DeltaDataSource¶
DeltaDataSource
is a DataSourceRegister and is the entry point to all the features provided by delta
data source.
DeltaDataSource
is a RelationProvider.
DeltaDataSource
is a StreamSinkProvider for a streaming sink for streaming queries (Structured Streaming).
DataSourceRegister and delta Alias¶
DeltaDataSource
is a DataSourceRegister
and registers delta alias.
Tip
Read up on DataSourceRegister in The Internals of Spark SQL online book.
DeltaDataSource is registered using META-INF/services/org.apache.spark.sql.sources.DataSourceRegister
:
org.apache.spark.sql.delta.sources.DeltaDataSource
RelationProvider for Batch Queries¶
DeltaDataSource is a RelationProvider
for reading (loading) data from a delta table in a structured query.
Tip
Read up on RelationProvider in The Internals of Spark SQL online book.
createRelation(
sqlContext: SQLContext,
parameters: Map[String, String]): BaseRelation
createRelation
reads the path
option from the given parameters.
createRelation
verifies the given parameters.
createRelation
extracts time travel specification from the given parameters.

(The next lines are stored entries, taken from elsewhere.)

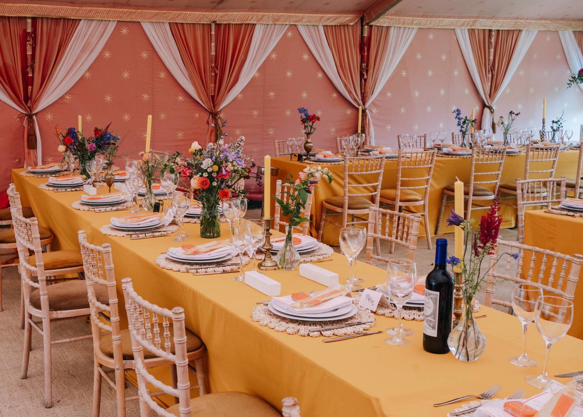 Perfect for an English summer wedding, this beautifully crafted Indian marquee in peach pink with delicate star motifs brings elegance and atmosphere to any outdoor celebration.The rectangular tent measures 10m x 16m, offering 160 m² of coverage—ideal for 120 seated guests in a trestle table setup. Alternatively, round tables can be used to accommodate dining, dancing, and the ceremony itself under one roof.
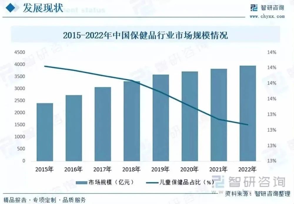 随着近年来我国经济的不断发展,健康中国理念的不断推行,人们对健康的愈发重视。同时,随着我国人口老龄化程度的不断加深,老年人群体的比重越来越高,使得健康、营养、个性、便捷等成为大众关注的热点,保健食品行业也随之快速发展。据资料显示,2022年我国保健食品行业市场规模为3946.8亿元,同比增长3%。其中儿童保健食品占比为13.27%。
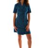 Grau mit weiss Nadelstreifen Kleid mit zugeschnittenen Details wie doppelt gereihte Knöpfe und Blazer Kragen mit Reverse.
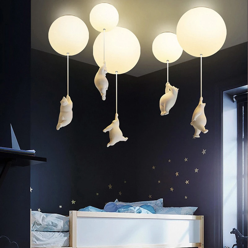 Скандинавский минималистичный потолочный светильник с белым медведе...
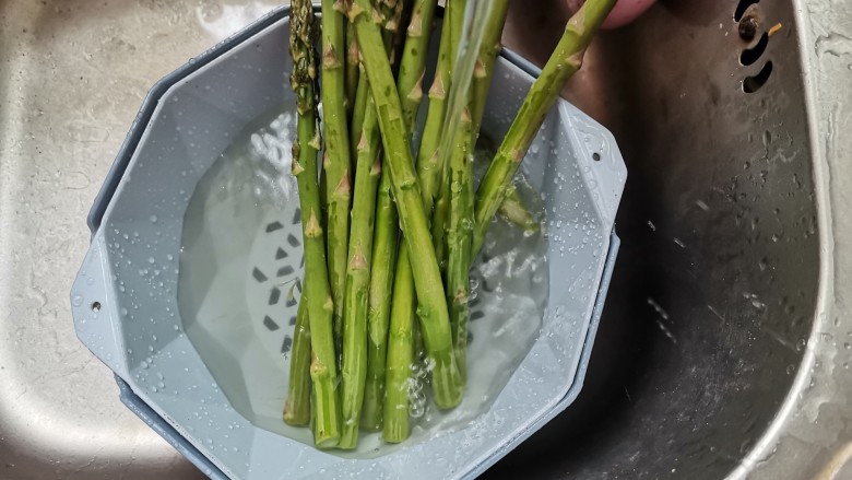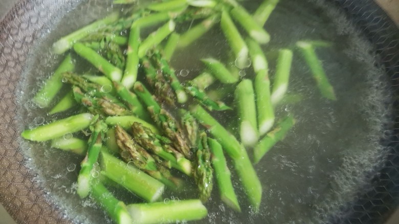 5. 锅里烧水,加入适量油和盐,水开下入芦笋焯水至断生捞出控干水分备用
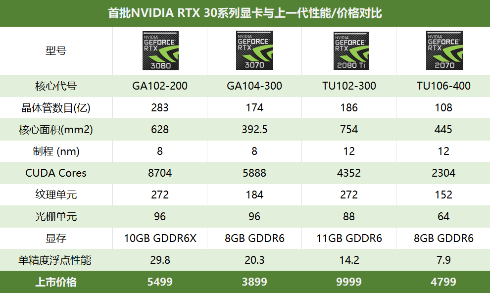 除了定位最高端旗舰的RTX 3090型号,RTX 3080和RTX 3070显卡的定价分别是5499元和3899元。作为对比,上一代显卡同样定位的型号RTX 2080和RTX 2070首发定价分别是6499元和4799元。
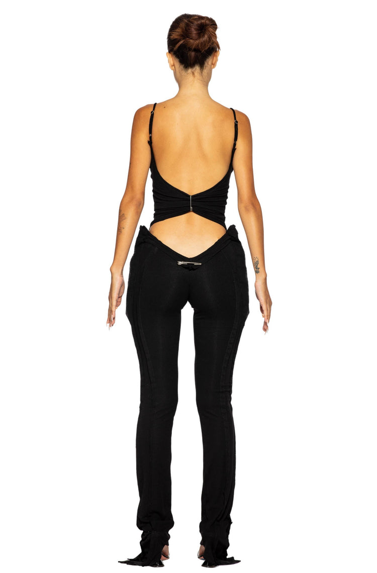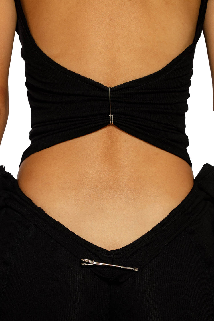 LOW BACK DOUBLE LAYER TANK IN BLACK RIB
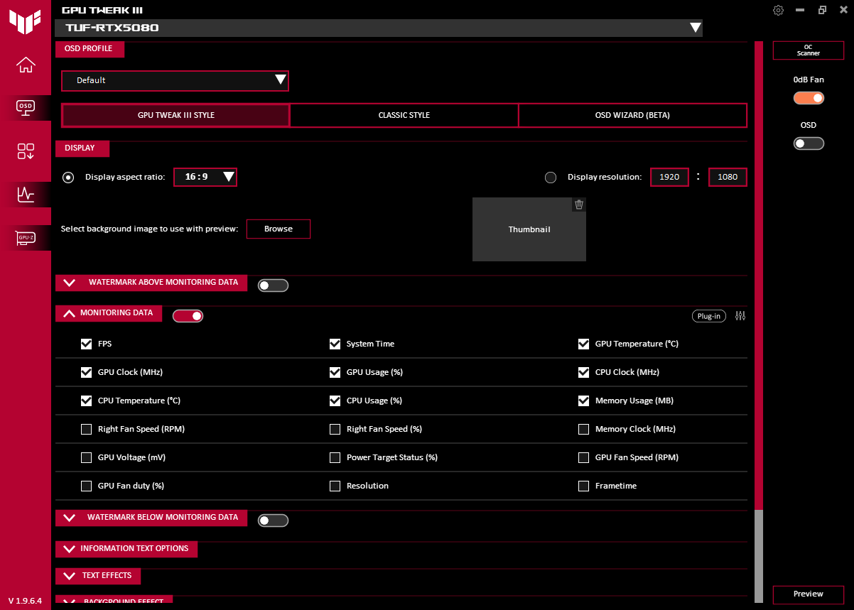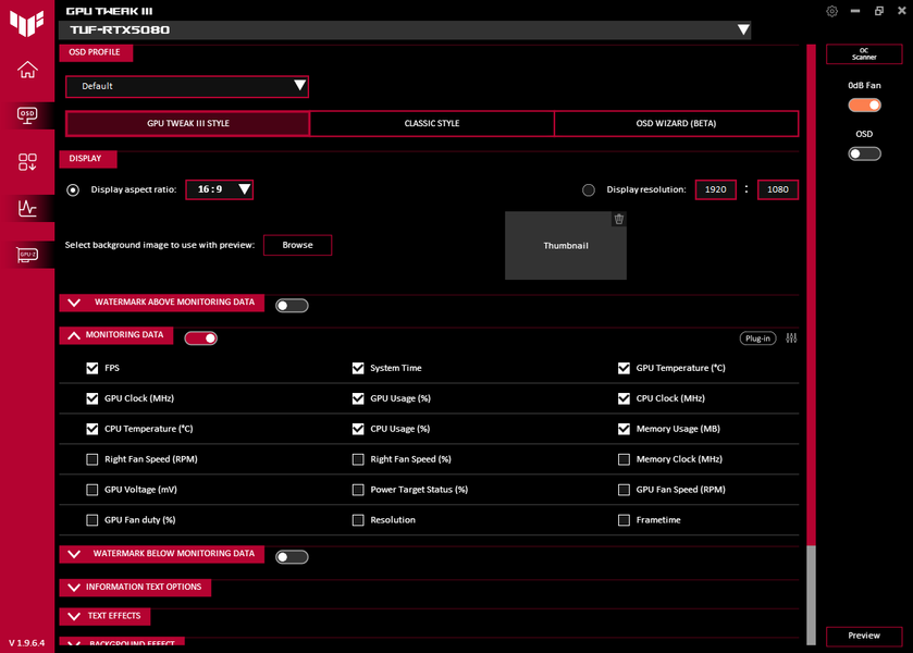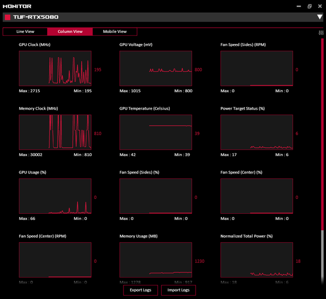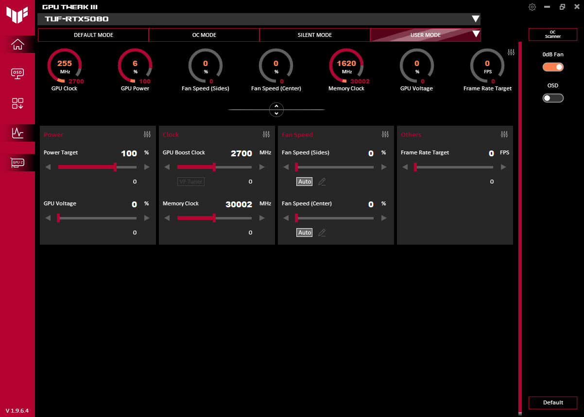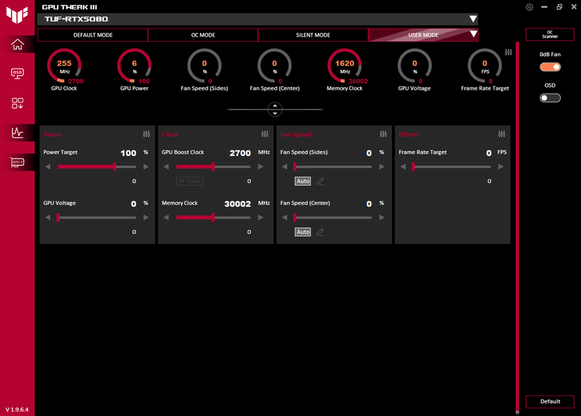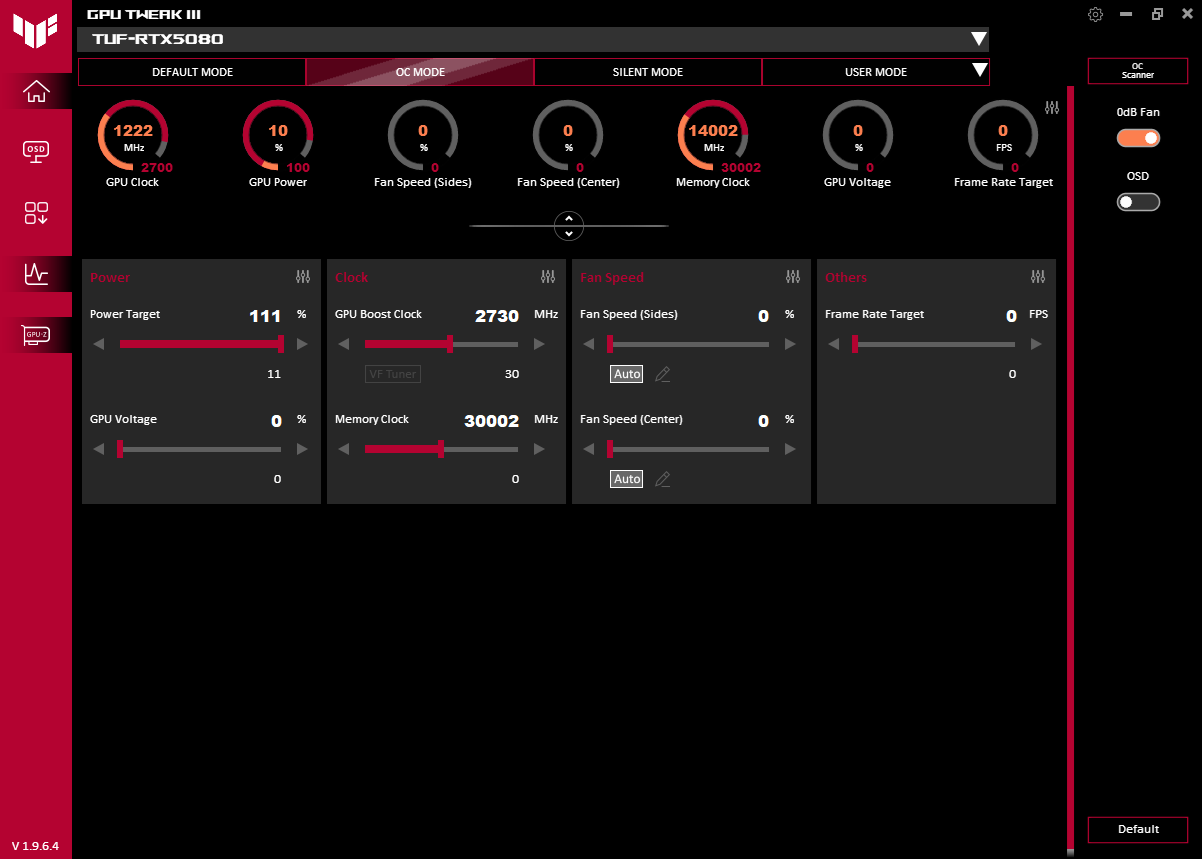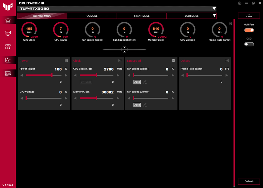 Управление работой карты обеспечивается с помощью фирменной программы Asus GPU Tweak III, мы о ней уже много раз писали: программа предоставляет управление вентиляторами, частотами работы карты и напряжением ядра, слежение за состоянием карты (мониторинг) и многое иное.

In the end, createRelation
creates a DeltaTableV2 (for the path
option and the time travel specification) and requests it for an insertable HadoopFsRelation.
createRelation
throws an IllegalArgumentException
when path
option is not specified:
'path' is not specified
Source Schema¶
sourceSchema(
sqlContext: SQLContext,
schema: Option[StructType],
providerName: String,
parameters: Map[String, String]): (String, StructType)
sourceSchema
creates a DeltaLog for a Delta table in the directory specified by the required path
option (in the parameters) and returns the delta name with the schema (of the Delta table).
sourceSchema
throws an IllegalArgumentException
when the path
option has not been specified:
'path' is not specified
sourceSchema
throws an AnalysisException
when the path
option uses time travel:
Cannot time travel views, subqueries or streams.
sourceSchema
is part of the StreamSourceProvider
abstraction (Spark Structured Streaming).
CreatableRelationProvider¶
DeltaDataSource is a CreatableRelationProvider
for writing out the result of a structured query.
Tip
Read up on CreatableRelationProvider in The Internals of Spark SQL online book.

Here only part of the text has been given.